A lot of the visual art world likes to talk about mark making. Mark making, the code words for just getting something down on paper, or cutting into fabric, or using your hands in clay, can be an intimidating thing.

Over the holidays I moved away from doing much visual art. I did a lot of cooking and baking and reading. I knit and I played keyboard. I visited with my family and watched football and concerts and dramas. I spent time with photography and Photoshop and did some writing. And I worked on a new website for my knitting company.

What I did not do was any mark making in the sense of picking up a pen or a pencil or some paint and just getting something on paper. By mid January, I needed a breakthrough to restart my drawing juices.

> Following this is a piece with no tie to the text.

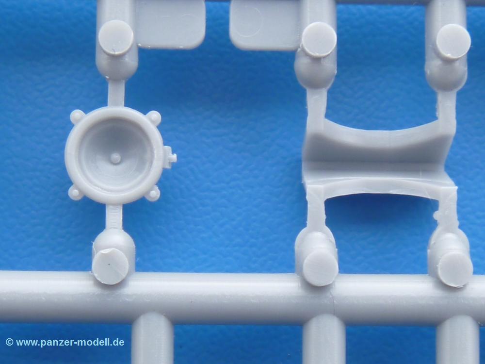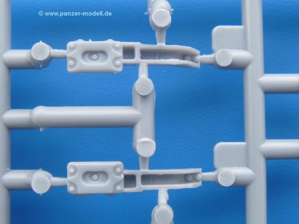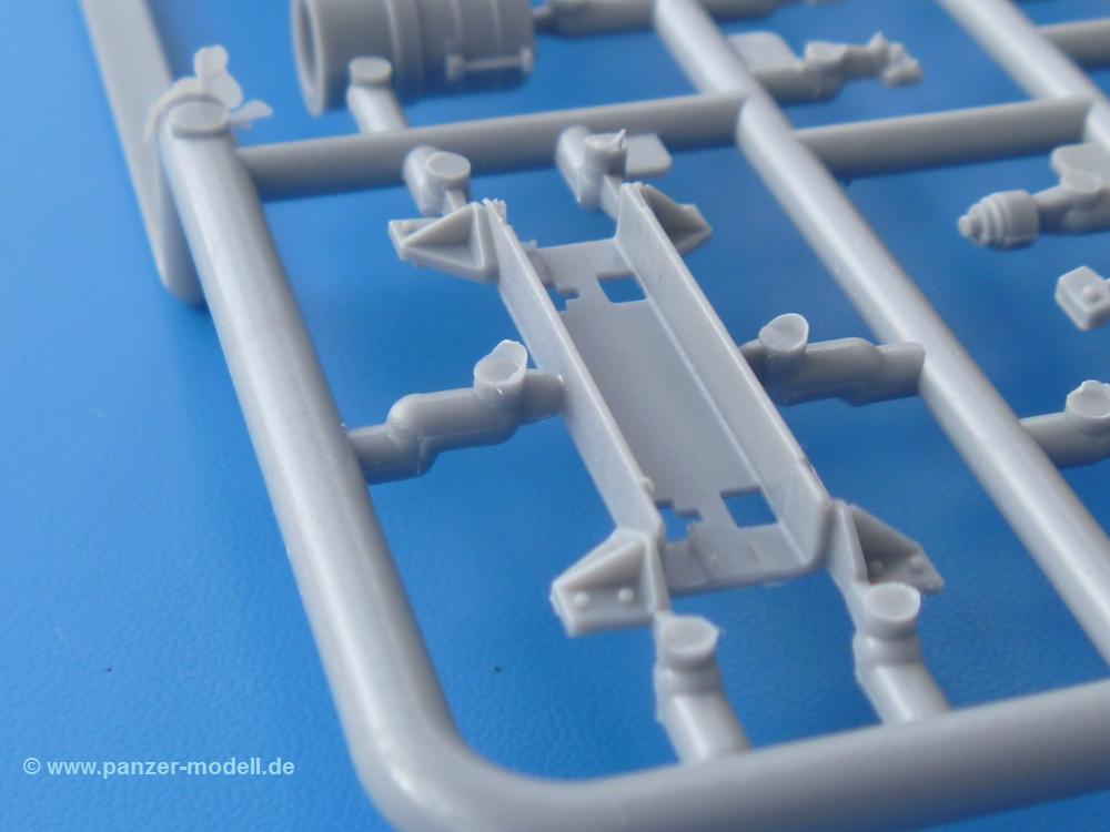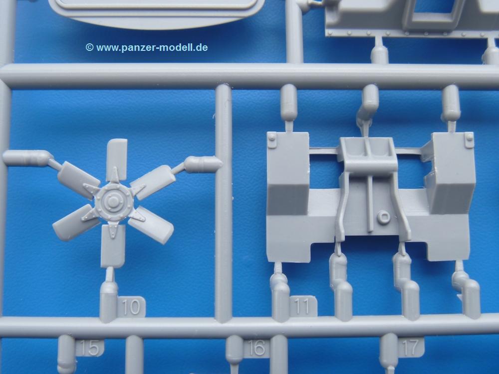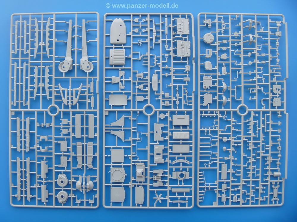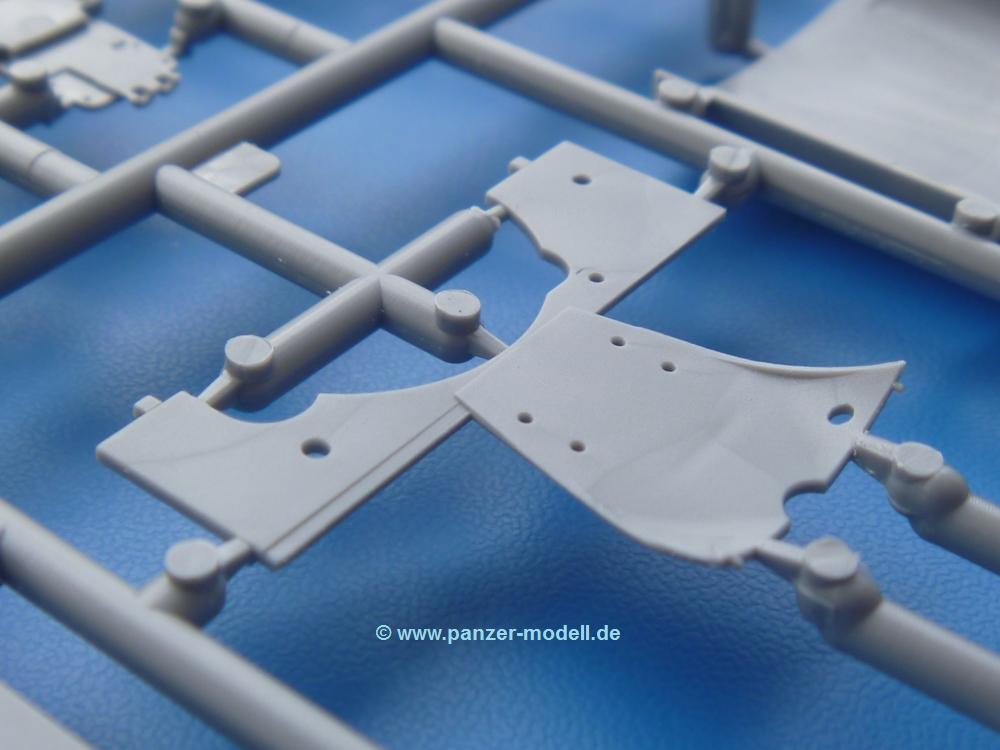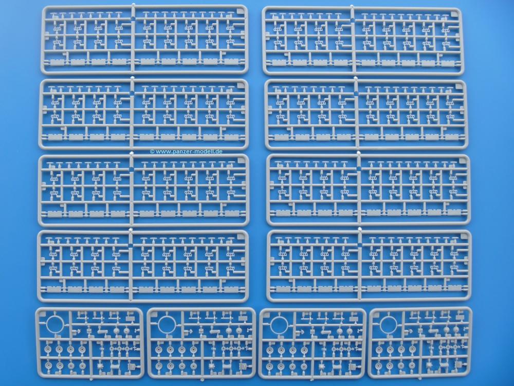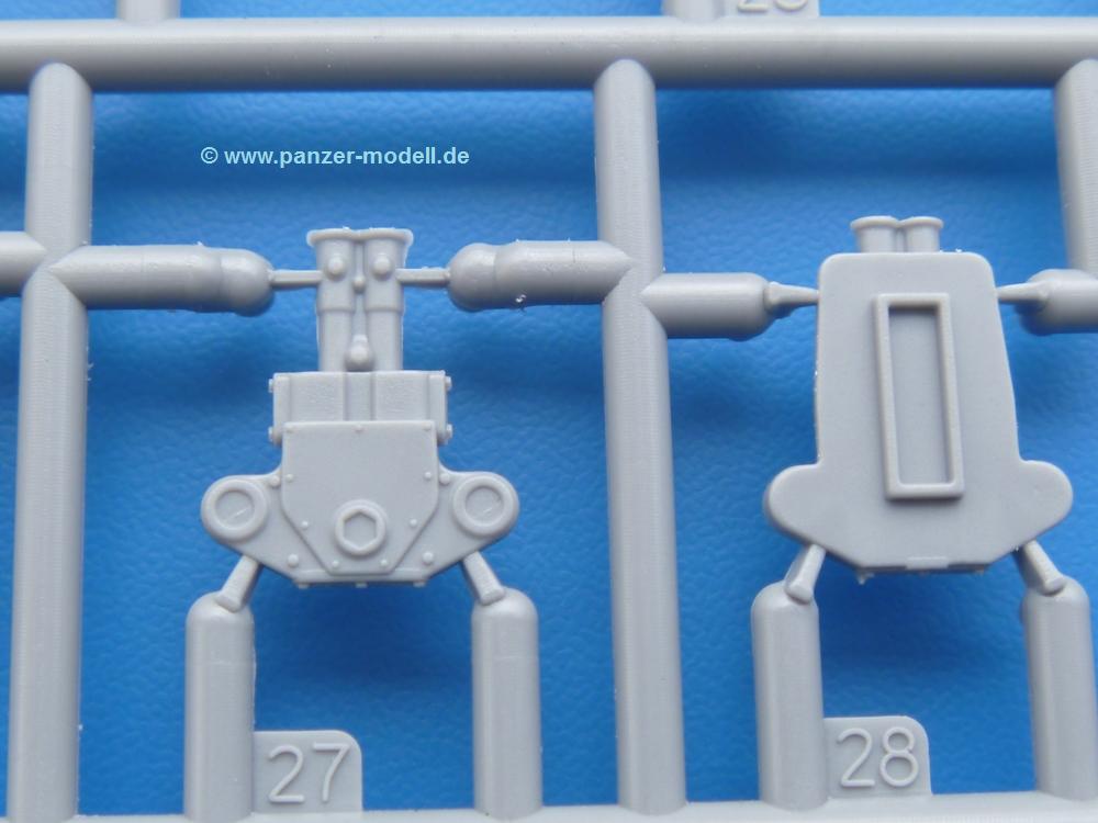 Die Teile aus hellgrauem Plastik sind sauber gespritzt, ohne Verzug und Versatz, hier und da minimaler Grat, keine Fischhäute, 1-2 minimale Sinkstellen. Auswerferspuren sind nur auf Innenseiten von Teilen vorhanden, so dass sie beim Zusammenbau verschwinden, ohn das man sie wegschleifen und verspachteln müsste.Schaut man sich Bauteile und Bauanleitung an, sieht man gleich, dass es sich bei dem D7 nur um einen Motor mit Kettenlaufwerk handelt. Fahrerraum, Verkleidungen und sonstigen Firlefanz gibt es nicht.Das Herzstück bilden die beiden Motoren. Schon der kleinere 2-Zylinder Benzinmotor macht ordentlich etwas her. Man kann sich an Details wie Bedienhebeln, Verschraubungen, Zündkerzen und erhabenen Gussnummern erfreuen. Interessantes Detail - der kleine Auspuffkrümmer mündet in den großen des Dieselmotors. Auch das Gestänge für die Anwurfkurbel auf der Motorhaube wurde nicht vergessen. Schon beim Motorenbau kommen die ersten Decals (Bedienhinwese) zum Einsatz.Auf dem Motorblock des Dieselmotors prangt in erhabenen Buchstaben der Caterpillar Schriftzug (MiniArt hat sich wohl die Markenrechte gesichert.). Zylinderkopfdeckel, Einspritzpumpe und separate -düsen, Keilriemen und -scheiben, Lüfterrad, Bedienhebel, Schläuche usw., usw. Man hat den Eindruck, dass kein Teil vergessen wurde. Der kleine Tank für den Benzinmotor findet seinen Platz an der Stirnseite des Dieselmotors. Der Ölmessstab der Ölwanne wird separat angebracht. Details über Details. Einige wenige PE Teile (3!) werden für feine Gestänge gebraucht. Technikbegeisterte werden voll auf ihre Kosten kommen.Der riesengroße Kühler besteht aus 3 Bauteilen mit sehr feinen Kühlrippen. Der Ablassschlauch am unteren Ende war beim Besprechungsmuster etwas verbogen, ist aber kein Beinbruch und lässt sich richten.Am großen Kupplungsgehäuse sitzt das Getriebe, das in den großen Getriebekasten mit den Seitenabtrieben mündet. Am Getriebkasten sitzen auch die Längsträger. Auf deren Innenseiten sind einige Auswerfermarken zu finden, aber wie gesagt - auf den Innenseiten. Auch sitzen die Anschlüße der Laufrollenwagen am Getriebkasten. Diese werden ohne Kleben eingesetzt, d.h. man kann den D7 das Beinchen heben lassen wie beim Original, wenn die große Blattfeder nicht zu störisch sein wird. Dioramenbauer werden dies begrüßen.Es wird spannend werden, die vielen Hebel, Gestänge und Pedale in die richtige Position zu bringen. Einiges wird dabei unter den fein geriffelten Bodenblechen wieder verschwinden, aber sehen wir dies mit asiatischer Philosophie - "Der Weg ist das Ziel!".Der große Luftfilter befindet sich vor den Füßen des Fahrers. Der zylindrische Körper ist aus einem Stück gefertigt, also keine Naht, wo keine Naht sein sollte. Die Flügelmuttern zum Verschluß gibt es als Einzelteile.Am Heck des Traktors wird eine D7N Hyster Seilwinde befestigt. Auch hier erhabene Buchstaben auf den Gussteilen. Sämtliche Bedienhebel vom Fahrer zur Winde sind vorhanden. Leider gibt es kein Windenseil. Man muss sich ggfs. mit Bindfaden oder anderen Materialien selbst helfen.Das Rückenteil des Fahrersitzes bildet der Tank für den Dieselmotor. Das Sitzpolster ist schön geformt mit leichten Wellen, wo der Fahrer sitzt.Die Laufrollenwagen werden aus mehreren Längs- und Querträgern zusammengesetzt. Jedes Laufrollenpaar besteht aus 4, bzw. 6 Teilen und wird drehbar bleiben. Gleiches gilt für Antriebs- und Leiträder. Nur die Stützrollen werden fest verklebt. Der Federmechanismus für die Leiträder besteht aus Innen- und Außenfedern, die sehr schön (aus Plastik) geformt sind, dass es schon wieder ein Schande ist, die Abdeckungen überhaupt zu montieren. Die Einstellspindeln für die Leiträder erhalten trapezförmige Lager aus PE Teilen. Dazu müssen die Spindeln angeschnitten und nach Montage der PE Teile wieder verklebt werden.Die einzigen Befestigungspunkte der Laufrollenwagen stellen zum einen die Gehäuse der Antriebsräder, die Auflage der Blattfeder und die dicken, bügelförmigen Halterungen dar. Letztgenannte Halterungen weisen flache Sinkstellen auf, die man aber ignorieren kann, wenn man den D7 auf seine Ketten stellt und nicht umgeworfen darstellen will.Der markante Kühlergrill gibt dem Traktor sein Gesicht. Dort schließen links und rechts Seitenbleche mit Caterpillar Aufdruck und den Hauptscheinwerfern an. Die Bleche decken aber nichts vom Motor ab. Man sieht auch nach der Endmontage zu ziemlich alles. Daran ändert auch die Motorhaube nichts. Die Scheinwerfer sind innen hohl mit angedeuteter Glühbirne und glasklaren Scheinwerfergläsern mit schöner Riffelung im Glas. Nach Montage der Haube setzt man nur noch das Aufpuffendstück und die Anlasserkurbel für den Benzinmotor auf. Bevor man die seitlichen Trittbleche montiert, sollte die Kette erst aufgezogen werden. Pro Seite nur 36 Kettenglieder, aber jedes Glied besteht aus 1 Bolzen, 2 Seitenführungen und 1 Auflage. Die Bauanleitung verspricht volle Beweglichkeit. Man muss nur vorsichtig mit dem Klebstoff umgehen.Die Abziehbilder (Decals) enthalten Bedienungsanweisungen, vereinfachte Instrumentenanzeigen, sowie Markierungen für ein Fahrzeug der US Armee im Einsatz in Frankreich, 1944. Für die zivile Ausführung in gelb braucht man nur die Bedienungsanweisungen und Instrumentenanzeigen.Die in Englisch und Russisch gehaltene 12-seitige Bauanleitung beginnt mit 2 farbigen Bemalungsanleitungen mit Decalplatzierung, gefolgt von der Teileübersicht auf Seite 2. Dann folgen 66 Bauschritte mit Explosionszeichnungen, sinnvoll und logisch aufgeteilt und aus meiner Sicht leicht verständlich. In den Bauschritten finden sich immer wieder Hinweise zu Teilbemalungen.Farbnummern werden für folgende Hersteller angegeben:- Vallejo

That breakthrough came late this month as I have been photographing birds at the feeders. None of the photo are stellar, but they do provide a source for sketching. This chickadee is the first of several sketches that might become watercolors. I'm just glad to see the work coming on the lines and shapes of these birds.




The next day I tried a winter tree in watercolor. I started with Alwyn Cranshaw's little book "You Can Paint" and copied the drawing and used the suggested colors.

I had been noticing tree "bones," the outlines of trunks and branches against the winter landscape as I drive across Huron County, but I had not put any of those observations down on paper. This one tree got me started. I didn't get out the right brush and I hurried the work, but I made some marks.




Finally, two days later, I grabbed a Technalo pencil (it is water soluble so it can be moistened with a brush and turned into graphite wash) and started drawing a pattern that has been scrambling around my brain. Now that I see the pattern on paper, I might take this further by making it larger and adding color.

All of this mark making feels good. The tools still work in my hands. My brain circuits are firing with color and line. I'm back to some mark making and that's good.